When making fun of David Brooks I usually try to be polite, after all, we are just gentlemen disagreeing over something, but the fucking guy has literally never fucking left his house since he was watching fucking Andy Griffith as a kid. For fuck's sake.
Posted by mrbrent at 11:09 AM
April 12, 2015
maybe cuomo has all these wanna-teachers we don't know about?
You are perhaps familiar with my support of public school teachers everywhere.

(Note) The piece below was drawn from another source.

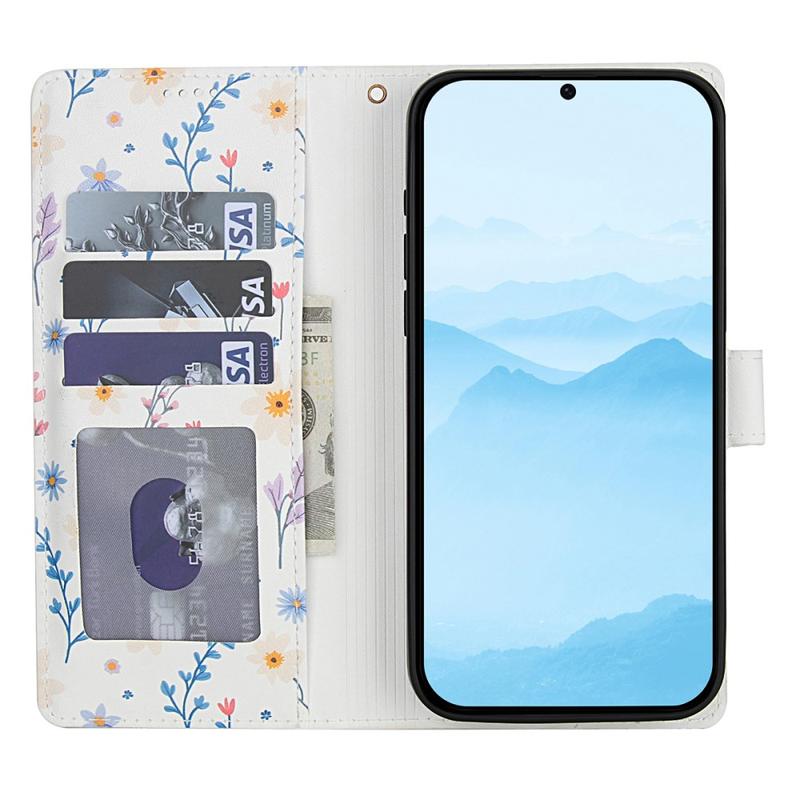 Rhombic Floral Wallet Case for Samsung Galaxy A57 - with Strap and Card Slots

I and all my genius friends are the product of public education, and some of my teachers affected me so much I am still friends with them, cough cough years later.You are also aware of the war on the same public school teachers, conducted by people like my governor, Andrew Cuomo, who somehow think that Our Failing Schools are the fault of the teachers and not, oh, a thankless and underfunded system. The Guv is a big fan of charter schools, which is an odd coincidence, because charter-school lovin' hedge fund executives poured money into the the Cuomo campaign.
But as Cuomo has failed in replacing the public school system with a privatized system that would enrich his donors, Cuomo has had to settle on making life as difficult as possible for teachers — taking away their tenure, for one, and evaluating them based on test scores of their students. And I think that is ridiculous, but I find it difficult to explain why in words.
But a public school teacher friend of mine pointed out this op-ed from another teacher on evaluations, and it explains perfectly why evaluating public school teachers is such a stupid idea. And I try to avoid pullquoting such a large portion of someone's piece, but this is so good and apt and vital that I'm just gonna slap it in there.
It's a disgrace that members of the Assembly and Senate, who have no idea who my kids are or what they need, are charged with not only telling me what to teach, but also judging me on factors having nothing to do with whether or not I'm doing my job well.I will not let a test tied to untested Common Core standards determine the future of my students. I will continue to teach them what they need. I will continue to do everything I deem necessary to make them share my love of the English language.
If Cuomo wants to fire me for that, he can go ahead. There are plenty of people who need to learn English rather than test-prep, and if teachers like me can't help the city's public schoolchildren, we'll help someone else. But when that happens, who will help city kids learn what they really need?
As my teacher friend, who pointed this out to me and who, like every other teacher I know, cares more about the kids more than I'll ever care about my job, says, "What are you gonna do, fire me? Who else would want this job?"